Neuroinflammation and the immune response are central to the pathophysiology of Alzheimer's disease (AD), with recent studies elucidating the mechanisms by which these processes contribute to neurodegeneration. Lee et al. provided compelling evidence that microglia-driven inflammation can induce tauopathies and synucleinopathies, suggesting that neuroinflammatory responses play a critical role in the progression of neurodegenerative diseases (ref: Lee doi.org/10.1038/s12276-025-01450-z/). This highlights the need for targeted therapies that modulate microglial activation to mitigate neuroinflammation. Additionally, Liu et al. investigated the mechanotransduction pathways activated by Aβ plaques, revealing that the stiffness of these plaques impairs microglial phagocytosis and promotes an inflammatory environment (ref: Liu doi.org/10.1002/advs.202503389/). The NLRP3 inflammasome has also been implicated in AD pathology, with Kurmi et al. discussing its activation by Aβ and the subsequent inflammatory cascade that ensues (ref: Kurmi doi.org/10.2174/0118715273377780250505115039/). Furthermore, the role of cannabidiol (CBD) in modulating neuroinflammation and enhancing cognitive function was highlighted by Raïch et al., indicating its potential as a therapeutic agent in AD (ref: Raïch doi.org/10.1186/s13195-025-01756-0/). These findings collectively emphasize the critical role of neuroinflammation in Alzheimer's disease and the potential for therapeutic interventions targeting immune responses to alter disease outcomes.
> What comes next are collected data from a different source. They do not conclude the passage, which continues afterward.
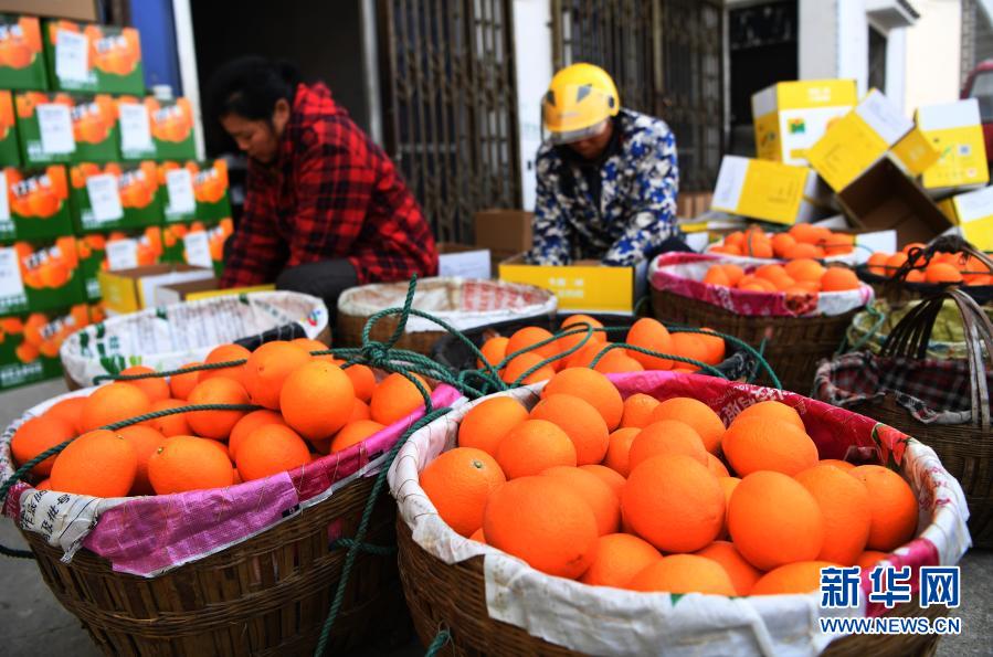 1月11日,奉节县安坪镇三沱村村民在对脐橙进行分拣、装箱。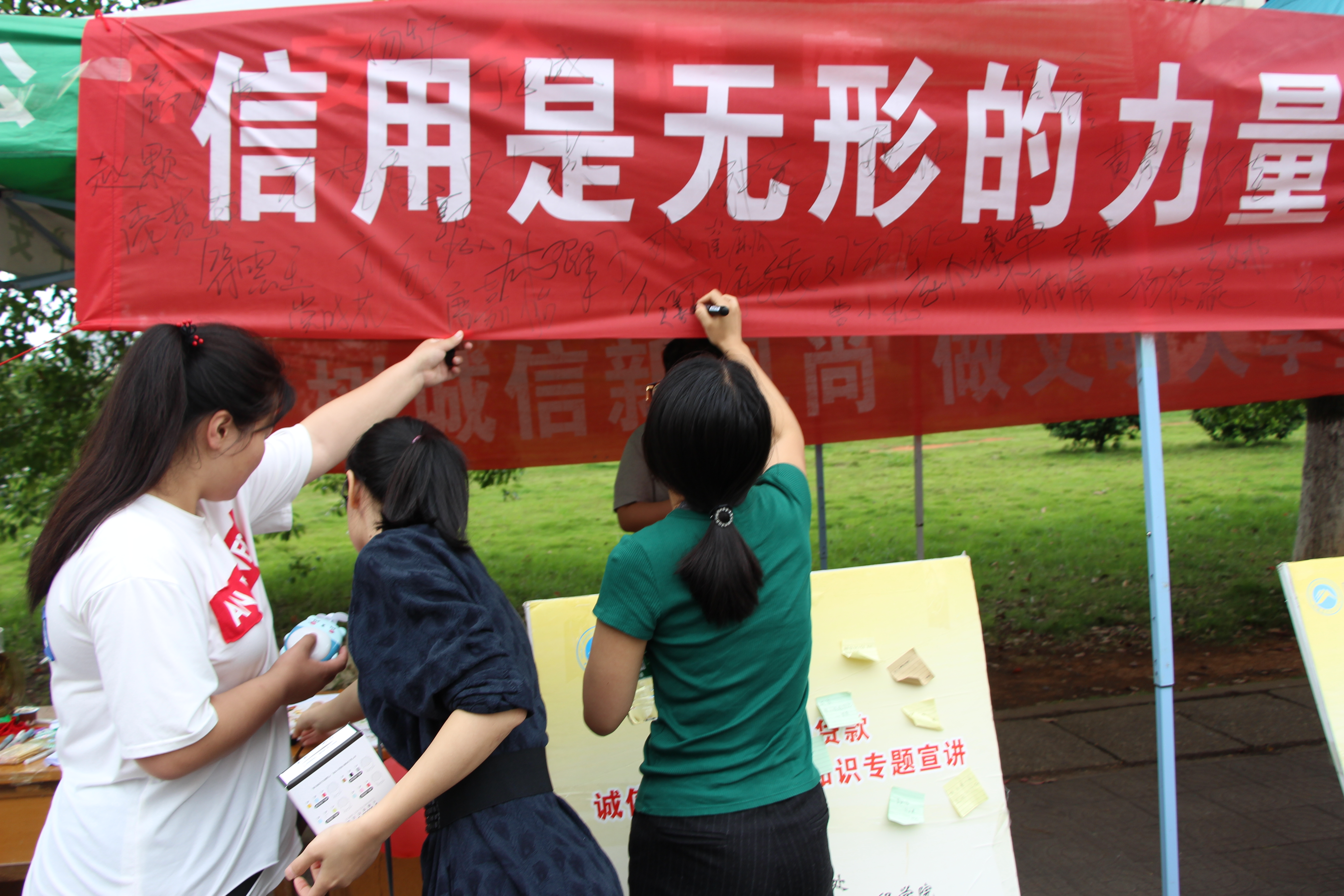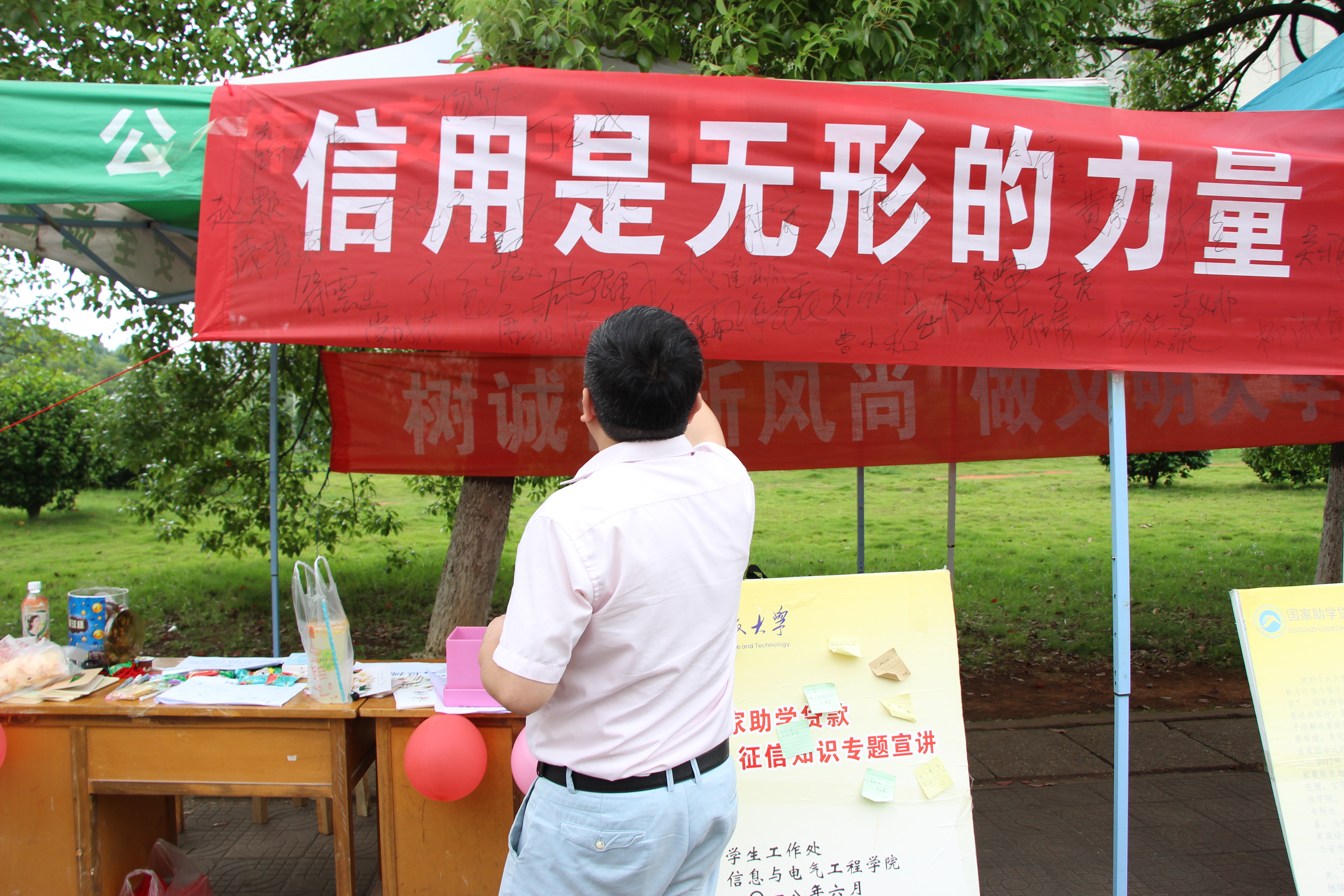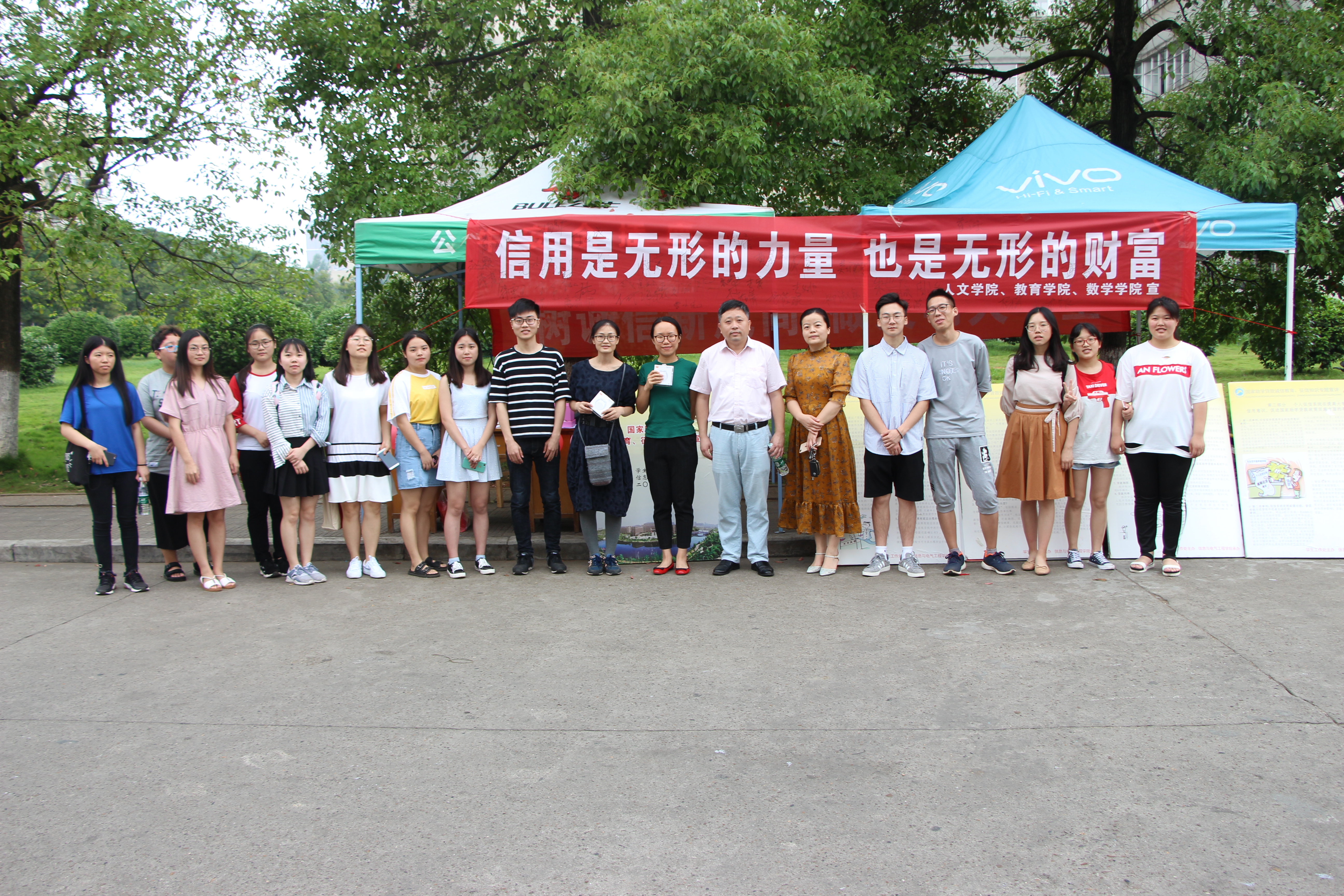 为进一步提高bv伟德国际体育官方网站学生的诚信素质,切实提升诚信教育实效,6月14日,bv伟德国际体育官方网站与教育学院、数学与计算科学学院七区宿舍共同举办2018年诚信展板活动,院党委副书记邓辉、学工办赵华老师、赵晗冰老师、王嘉敏老师参加此次活动。活动由勤工部组织。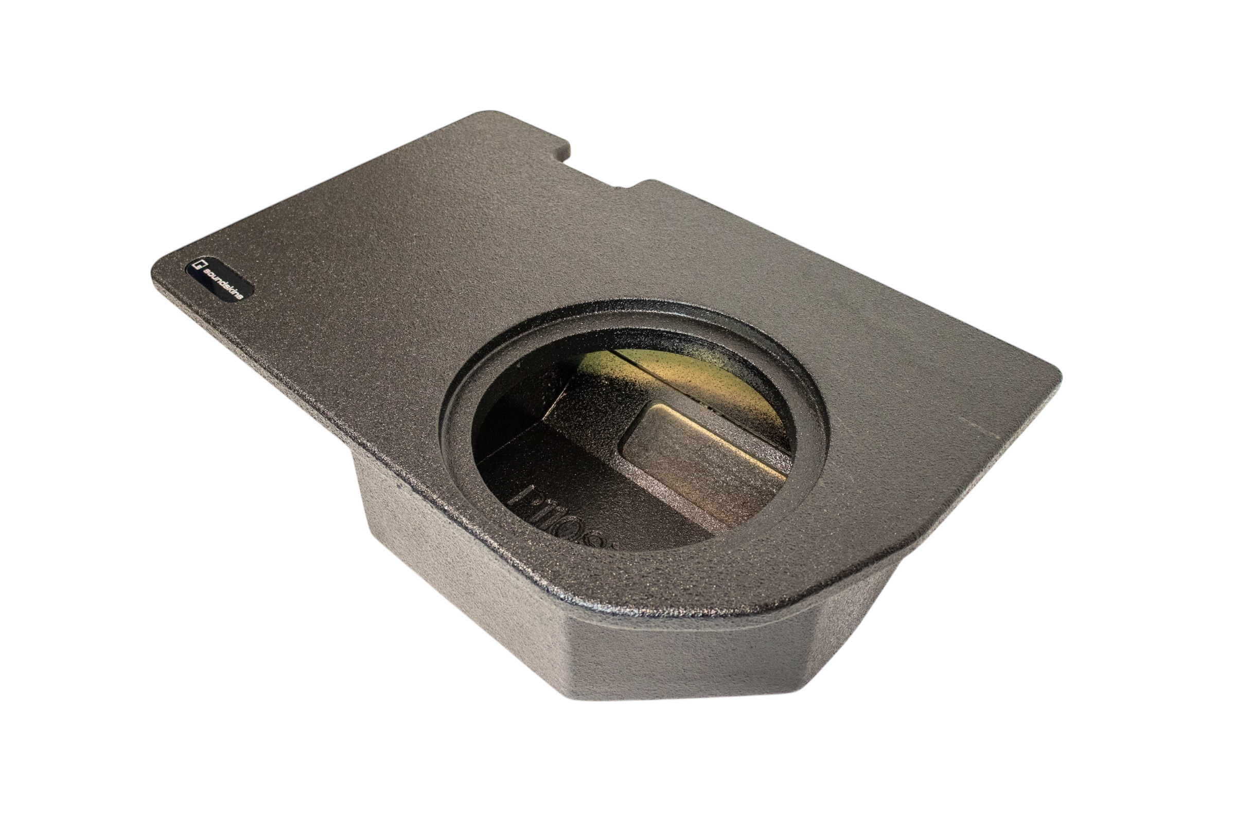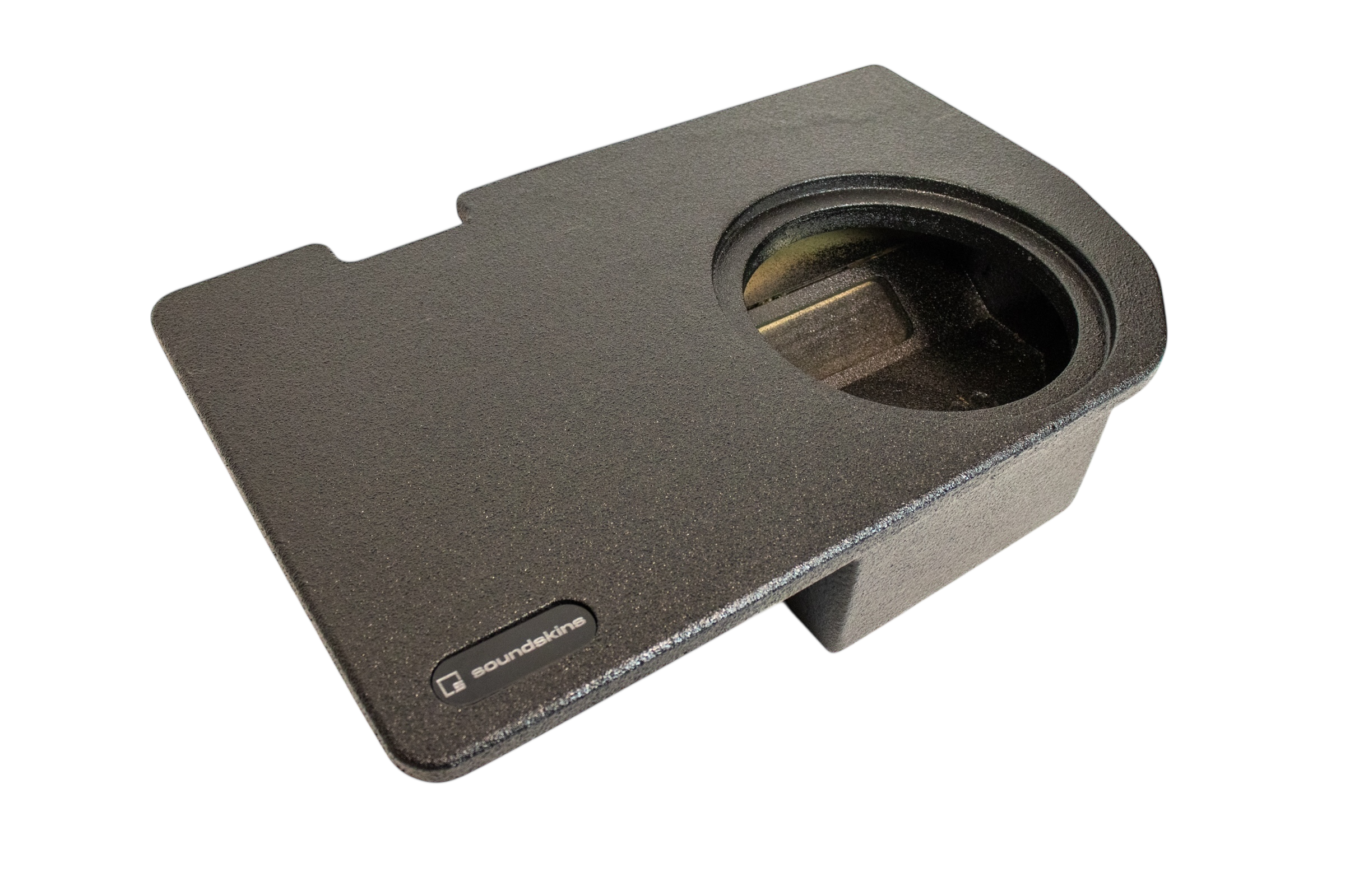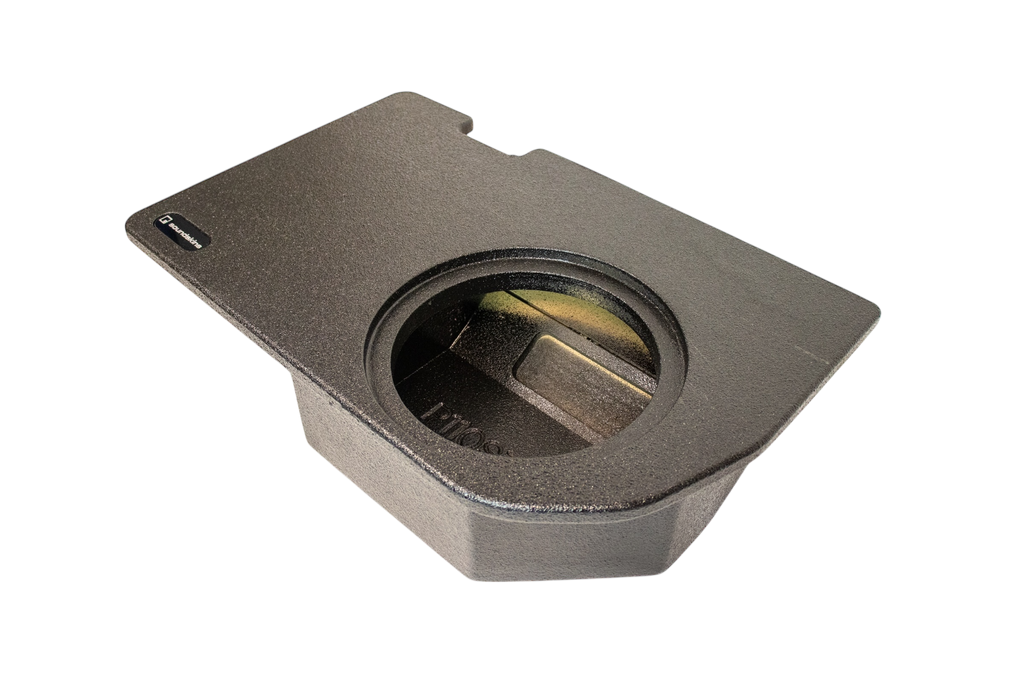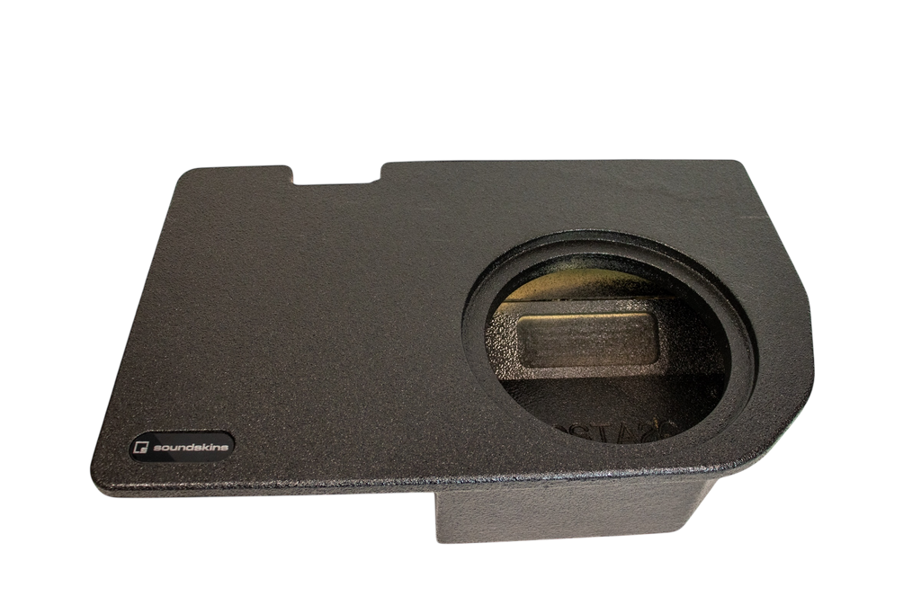 SoundSkins Global Single 10” Sealed Enclosure for 2024+ Toyota Tacoma (Non Hybrid) Crew Cabs fit under rear seat. Each SoundSkins box is coated with a durable bed liner polymer spray to enhance its longevity. These USA-made enclosures are constructed from high-grade, full 3/4" MDF, ensuring robustness and exceptional sound quality.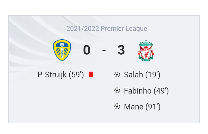 Game is over and the final score is Leeds United 0-3 Liverpool. Here is the match report.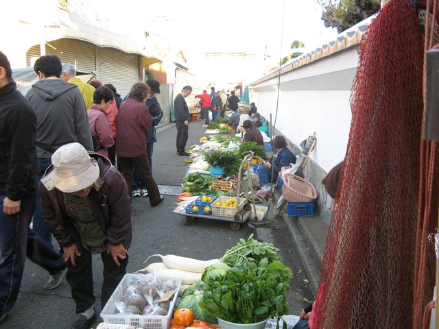 初めてみた朝市ですが、野菜や魚ですね。ご近所の方が買いにみえるのでしょうか。観光客もかなりいたのですが、観光客目当てでない出店がありますね。魚介類と農作物の交換から始まったのでしょうかね。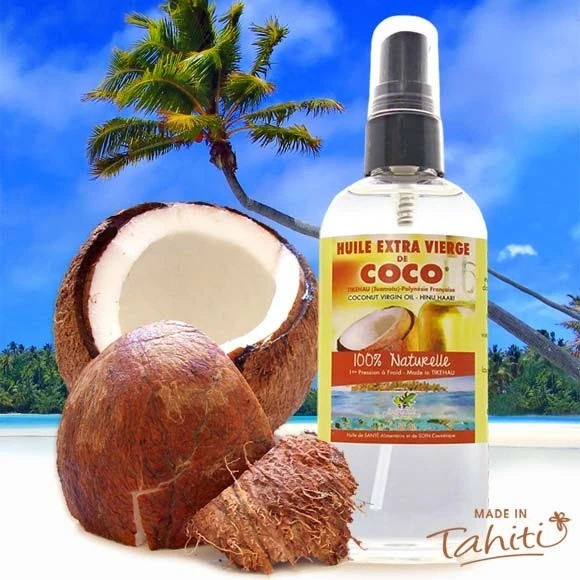 La Boutique du Monoï a sélectionné pour vous cette huile extra vierge de coco fabriquée à Tikehau (Archipel des Tuamotu) par le Comptoir des Plantes Polynésiennes.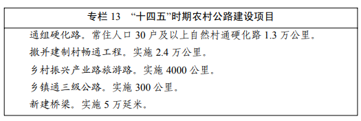 农村公路。实施撤并建制村畅通工程,实现有条件地区农村公路成网成环。实施乡村振兴产业路旅游路工程,提升乡镇对外畅通能力,支撑中心城镇培育。实施自然村通硬化路工程,扩大农村公路覆盖范围和通达深度。新建一批农村公路桥梁,建设通寺庙公路和森林防灭火道路。推进“四好农村路”示范创建提质扩面,争创“四好农村路”全国示范市和示范省,支持广安、遂宁等与重庆毗邻地区共建“四好农村路”示范区。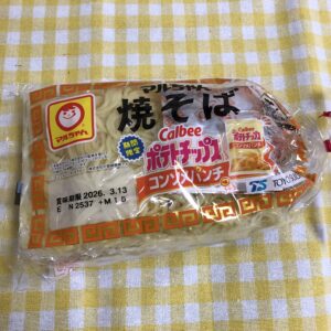 というわけで、カルビーポテトチップス コンソメパンチ味のマルちゃん焼きそばです。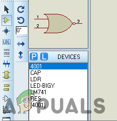 ISIS - When the new schematic appears, click on the P icon on the side menu. This will open a box in which you can select all the components that will be used.

Sex differences in Alzheimer's disease (AD) are becoming increasingly recognized, with research highlighting distinct molecular and pathological variations between males and females. Ali et al. examined temporal transcriptomic changes in a tauopathy mouse model, revealing sex-specific differences that may contribute to the varying prevalence and progression of AD (ref: Ali doi.org/10.1186/s40478-025-02013-z/). This underscores the importance of considering sex as a biological variable in AD research and therapeutic development. Marongiu et al. further explored the impact of perimenopause on neuroinflammation in a mouse model of AD, suggesting that hormonal changes during this transition may heighten the risk of developing AD in women (ref: Marongiu doi.org/10.3389/fmolb.2025.1597130/). In contrast, Eid et al. investigated the effects of chronic inflammatory conditions on male mice, demonstrating that LPS exposure can induce AD-like pathology, indicating that both sexes may be affected by environmental factors but potentially through different mechanisms (ref: Eid doi.org/10.1096/fj.202403117RR/). These findings highlight the necessity for tailored approaches in AD research and treatment that account for sex differences in disease susceptibility and progression.